►
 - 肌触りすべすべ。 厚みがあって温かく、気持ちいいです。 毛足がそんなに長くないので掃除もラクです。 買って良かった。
◄
►
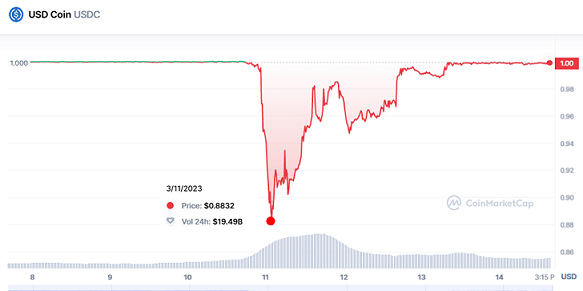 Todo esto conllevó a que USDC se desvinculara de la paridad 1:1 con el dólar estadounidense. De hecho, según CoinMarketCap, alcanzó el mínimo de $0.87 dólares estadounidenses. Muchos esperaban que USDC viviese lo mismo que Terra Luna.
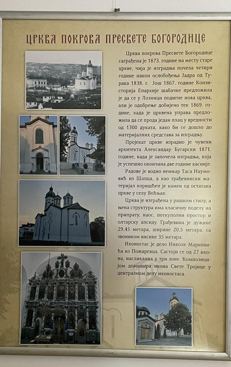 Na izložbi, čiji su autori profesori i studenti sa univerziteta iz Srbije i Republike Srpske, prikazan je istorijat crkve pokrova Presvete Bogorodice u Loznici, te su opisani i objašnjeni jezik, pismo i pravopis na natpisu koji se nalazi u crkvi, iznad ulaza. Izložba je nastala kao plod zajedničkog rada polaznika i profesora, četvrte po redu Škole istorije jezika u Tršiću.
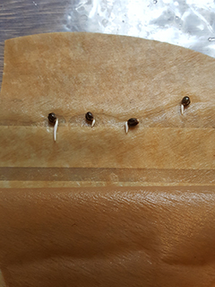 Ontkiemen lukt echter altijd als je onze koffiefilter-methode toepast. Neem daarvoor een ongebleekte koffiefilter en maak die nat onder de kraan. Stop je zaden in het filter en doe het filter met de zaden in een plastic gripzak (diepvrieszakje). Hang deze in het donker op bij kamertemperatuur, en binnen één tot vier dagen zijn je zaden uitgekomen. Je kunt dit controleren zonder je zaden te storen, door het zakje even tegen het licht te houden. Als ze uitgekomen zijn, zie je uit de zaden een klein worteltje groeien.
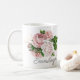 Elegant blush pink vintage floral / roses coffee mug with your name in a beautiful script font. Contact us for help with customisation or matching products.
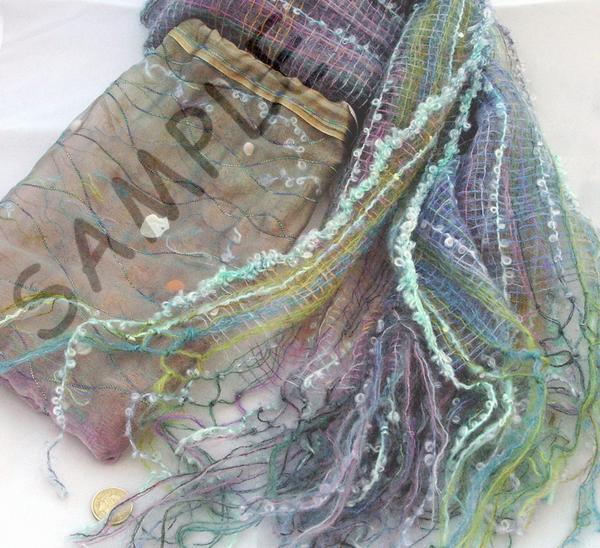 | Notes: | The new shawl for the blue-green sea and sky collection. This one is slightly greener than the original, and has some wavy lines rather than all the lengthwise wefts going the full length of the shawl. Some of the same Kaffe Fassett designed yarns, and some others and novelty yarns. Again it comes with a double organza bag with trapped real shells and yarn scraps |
◄
▸ What you should do: Within the listing above, copy exactly the lines that start at the one with "Elegant blush pink" and continue through the one with "yarn scraps |". Omit pictures.

▸ Solution to this task:
 Elegant blush pink vintage floral / roses coffee mug with your name in a beautiful script font. Contact us for help with customisation or matching products.
 | Notes: | The new shawl for the blue-green sea and sky collection. This one is slightly greener than the original, and has some wavy lines rather than all the lengthwise wefts going the full length of the shawl. Some of the same Kaffe Fassett designed yarns, and some others and novelty yarns. Again it comes with a double organza bag with trapped real shells and yarn scraps |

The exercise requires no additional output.